Alfons Muchaってのは俺が一番好きな画家で、俺の絵はかれの影響をバリバリ受けまくっているし俺の絵を観た人はたいてい「ミュシャとか好き?」とか訊いてくる。それがちょっと悔しくもあり、嬉しくもあり。先日仙台でミュシャ展をやってたんで行ってきた。今回はミュシャの研究について、かれの生涯を交えつつまとめてみる。


全体的な傾向。
ミュシャは生涯に渡り民族性・祖国愛というものに重きをおいていた。作品の多くに自民族の雰囲気を取り入れたり、人物に民族衣装を着せたり、そんな感じだ。さらに彼はドイツ・フランス・アメリカと活動したが、行く先々でスラヴ協会を結成し、スラヴ民族の統一を志した。これが物理的なものか、精神的なものかはわからんが。この傾向には当時の時代背景からの影響も濃そう。この時代のチェコはドイツの侵略を受けたりして言語と文化の弾圧を受けていただろうしな。愛国運動が活発化しやすい環境であったと思う。そんなわけで上に書いたとおり彼の作品にはスラヴを象徴するアトリビュートが多く出てくるんで、芸術作品を「シンボル」と考えている俺には非常に参考になる。いやあミュシャさんマジすげえよ。

20~30歳らへん。
裁判所の書記をやる、プラハの美術アカデミーに落っこちる、舞台背景画家の助手になって工房で働く、伯爵城の装飾をやる、ミュンヘンの美術アカデミーに入学する、パリのアカデミーに入学する、挿絵画家になる、など。いやーウデで食ってる感じだなー格好いいぜ。

35~40歳らへん。
偶然請け負った芝居『ジスモンダ』のポスターを主演女優がヤバいくらい気に入り、ミュシャのポスター画家としての人生がヤバいくらい劇的にスタート。この時期ヨーロッパじゃアール・ヌーヴォー(new art)が流行っており、「芸術を日常生活にも」という思想のもと、印刷技術の発展もあり、ポスターというジャンルが黄金時代を迎える。しかも1890年くらいの露仏同盟以来パリじゃスラヴ的なものへの関心が鰻昇ってたもんだから、上述の通りスラヴ的な雰囲気を取り入れたミュシャの作品は大流行であった。彼はポスター制作から、一般大衆が住居を飾るための装飾パネルも制作した。「私は芸術のための芸術を創るよりも、大衆のための絵の製作者でありたい」という言葉が素晴らしい。俺は実用的なものが好きなんで、実用(住居の装飾・商品の宣伝)のための絵の制作ってのは畏れながらシンパシーを感じる。

40歳~らへん。
パリ万博。かれはパリ万博でボスニア・ヘルツェゴヴィナ館の装飾をオーストリア政府に任せられる。上述の通りスラヴ民族と自国を愛しているミュシャは、スラヴ民族のための仕事ができることを喜ぶ一方、オーストリアの植民地支配に苦しみ万博で独立したスペースさえない祖国を差し置き、帝国の代表としてプロジェクトに参加するという矛盾に苦しむ。万博の装飾自体は盛況を博したものの、かれは祖国とスラヴの同胞のためにガンバる決意を新たにする。その決意通り、祖国をめぐる問題と向き合い、今後の作品にはしばしば思想的な背景色が濃ゆくなる。自分たちがどういった歴史を歩み、どう結束してゆけば良いか、みたいなことだ。こういった実用的な(メッセージを文章ではない形で伝えるための)絵ってのも素晴らしい。いや、そんなこと言い出したら実用的じゃない絵なんてないんだけども! ちゃんと明確な目的があって、それに沿って意識的に制作されたってところが好きなんです緑さんは。

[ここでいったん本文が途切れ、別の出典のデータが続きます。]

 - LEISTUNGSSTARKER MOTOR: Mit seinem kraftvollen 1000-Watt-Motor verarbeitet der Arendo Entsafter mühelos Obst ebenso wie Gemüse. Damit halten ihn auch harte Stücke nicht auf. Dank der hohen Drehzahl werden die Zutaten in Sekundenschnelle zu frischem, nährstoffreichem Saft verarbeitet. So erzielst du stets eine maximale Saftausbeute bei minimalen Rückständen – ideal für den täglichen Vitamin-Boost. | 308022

てなわけで冒頭で提示したミュシャさんの研究というのは
1. ステキな装飾技巧の洗練
2. スラヴ民族統一の理論構築
3. 1と2を融合させ、メッセージとしての作品制作
って感じだろうか。

ぶっちゃけると、パリ万博の件では歴史的知識がないんで分かるような分かんないような感じがしている。そこらへん時期を描いた本とかあったら読みたいなあ。なんかありませんかね?


展示会の雑感を適当に。
構成は分かりやすかった。前からミュシャさんの歴史については知っていたが、わりかしいい感じにまとめられていて今回のまとめを書く気にもなった。桝太一さんの音声ガイドも理解の助けになった。ただ最近は声優の神谷浩史さんブームなんで「神谷さんの方が滑舌いいな」とか思ってた。
展示会の出口が二階で、そこに展示会のカタログがあるのはいい。だが一階のグッズストアに内容のさらに充実したカタログが置いてあるのはどうなんだ。上にも置いとけや。二階のほう買っちまったじゃねーか。ただ今回の展示会で初見だった、エラい気に入った絵が一階のヤツには載ってなかったんで、結局展示会のカタログのほうだけ購入した。

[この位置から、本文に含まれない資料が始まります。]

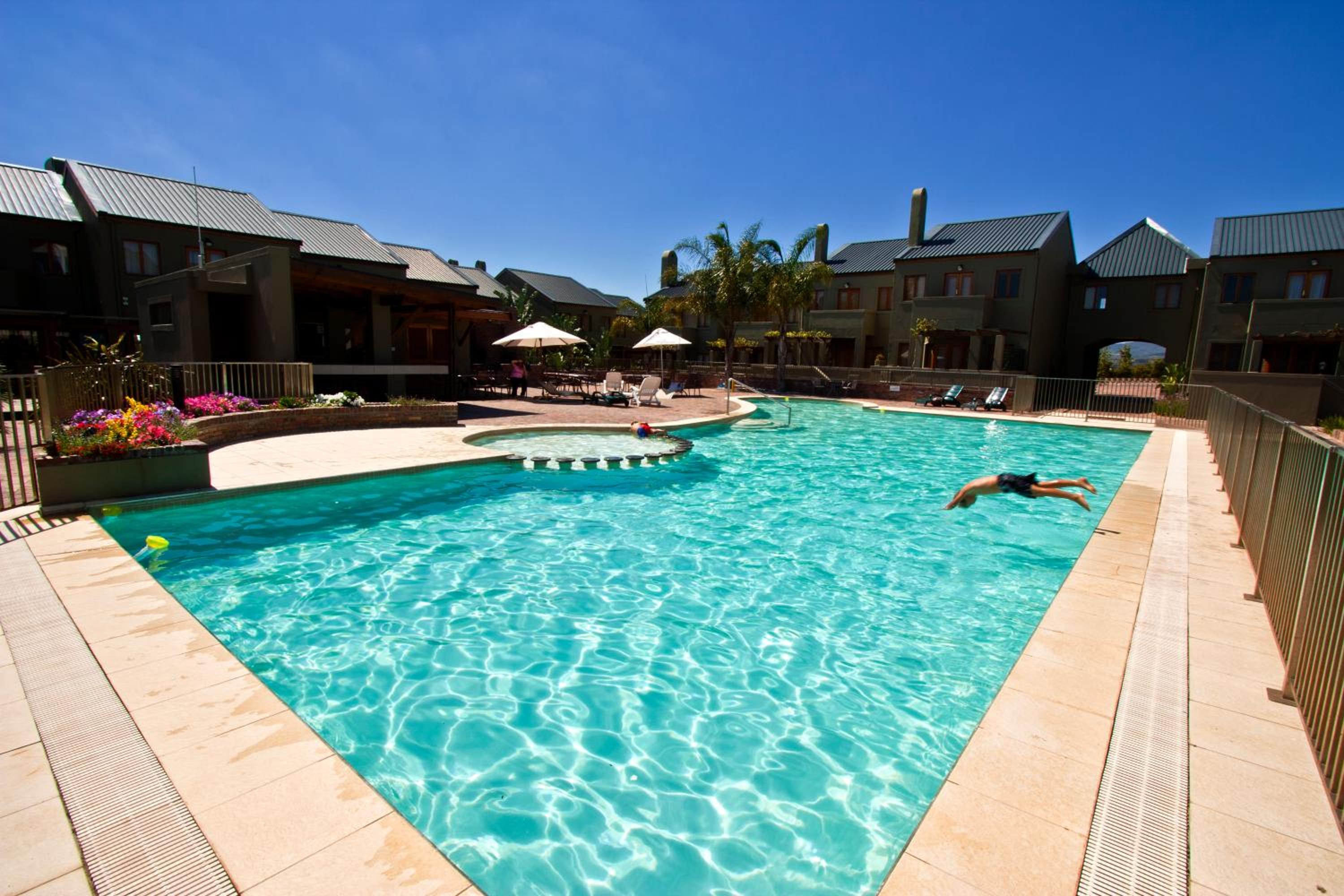 Unwind by the outdoor pool surrounded by a stone deck and palm trees. For the adventurous, explore mountain biking tours and fly fishing opportunities in the picturesque countryside just a short drive away in Stellenbosch.

真ん中のが展示会のカタログ。このカタログにはひとつでかい不満があって、『スラヴ叙事詩』が全部載ってねえ。一階のカタログには全部載ってたんだがなあ。分厚い冊子なんでさすがにふたつとも買う気にはなれなかった。
ともかく満足。『スラヴ叙事詩』のカタログは、いつかプラハに行ってナマを観てから買おう。